**Work instructions**. Down to the last line, set down the material below exactly, excluding pictures.

**Recorded data**.
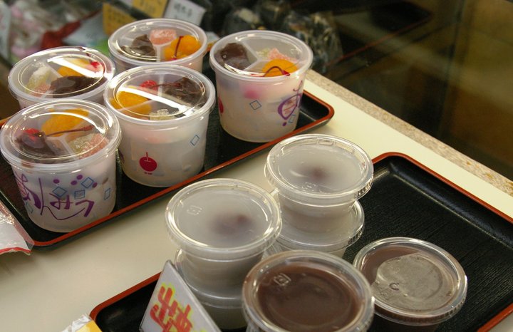 店頭ではあんみつ390円や水まんじゅう140円などを販売
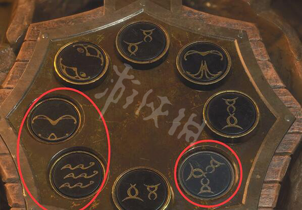 根据三个提示图案,按下这三个对应的按钮,门就开了,拿到亵渎者头雕。
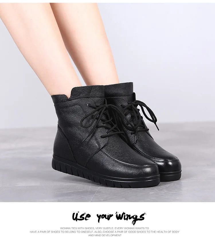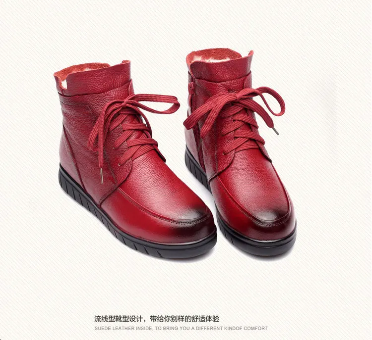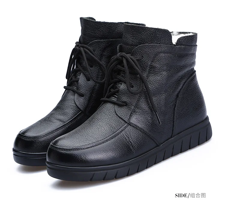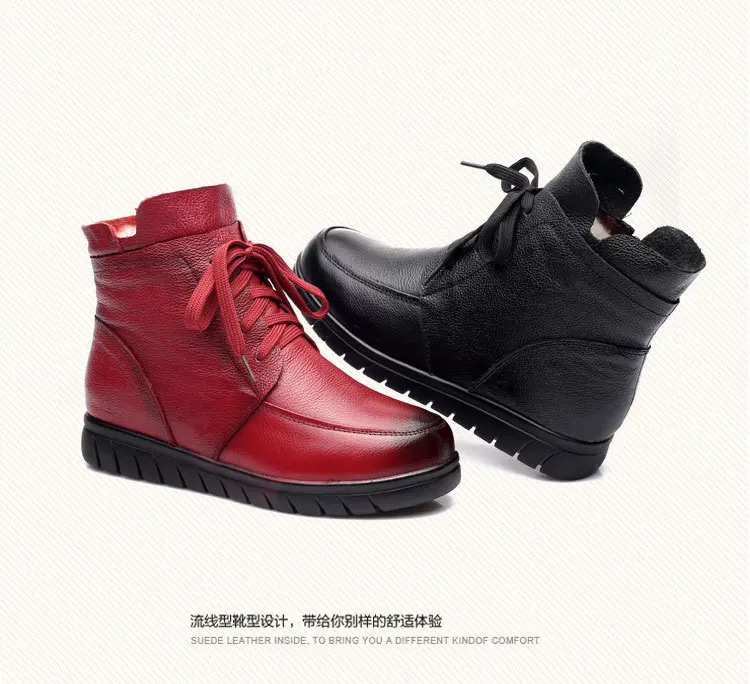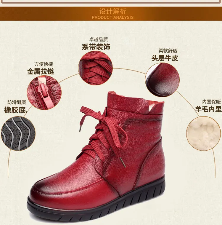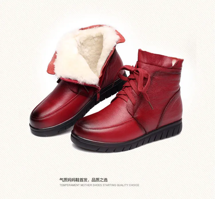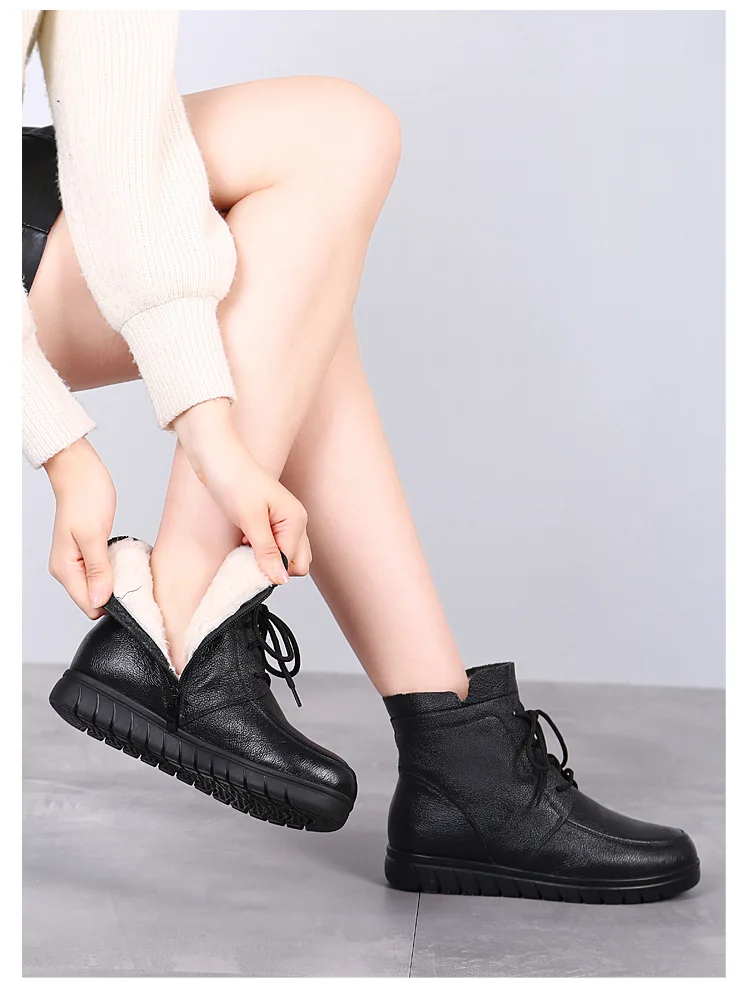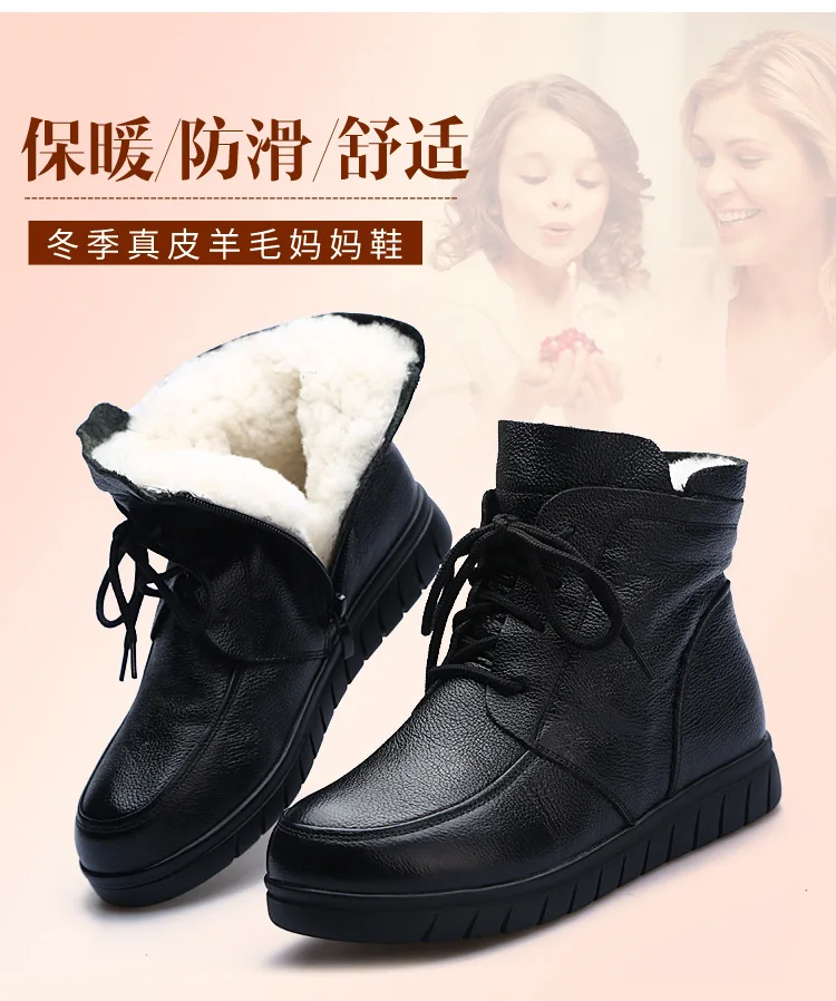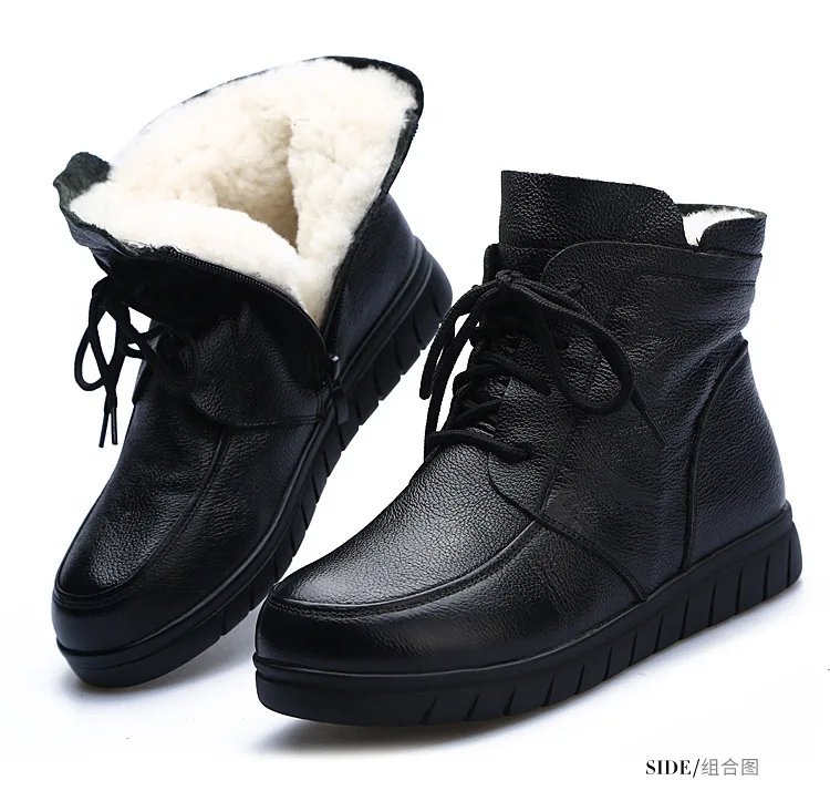 Women Snow Boots Vintage Genuine Leather Natural Wool Fur Winter Warm Ankle Boots For Women Flat Mother Shoes 2019

**Output below**.
 店頭ではあんみつ390円や水まんじゅう140円などを販売
 根据三个提示图案,按下这三个对应的按钮,门就开了,拿到亵渎者头雕。
 Women Snow Boots Vintage Genuine Leather Natural Wool Fur Winter Warm Ankle Boots For Women Flat Mother Shoes 2019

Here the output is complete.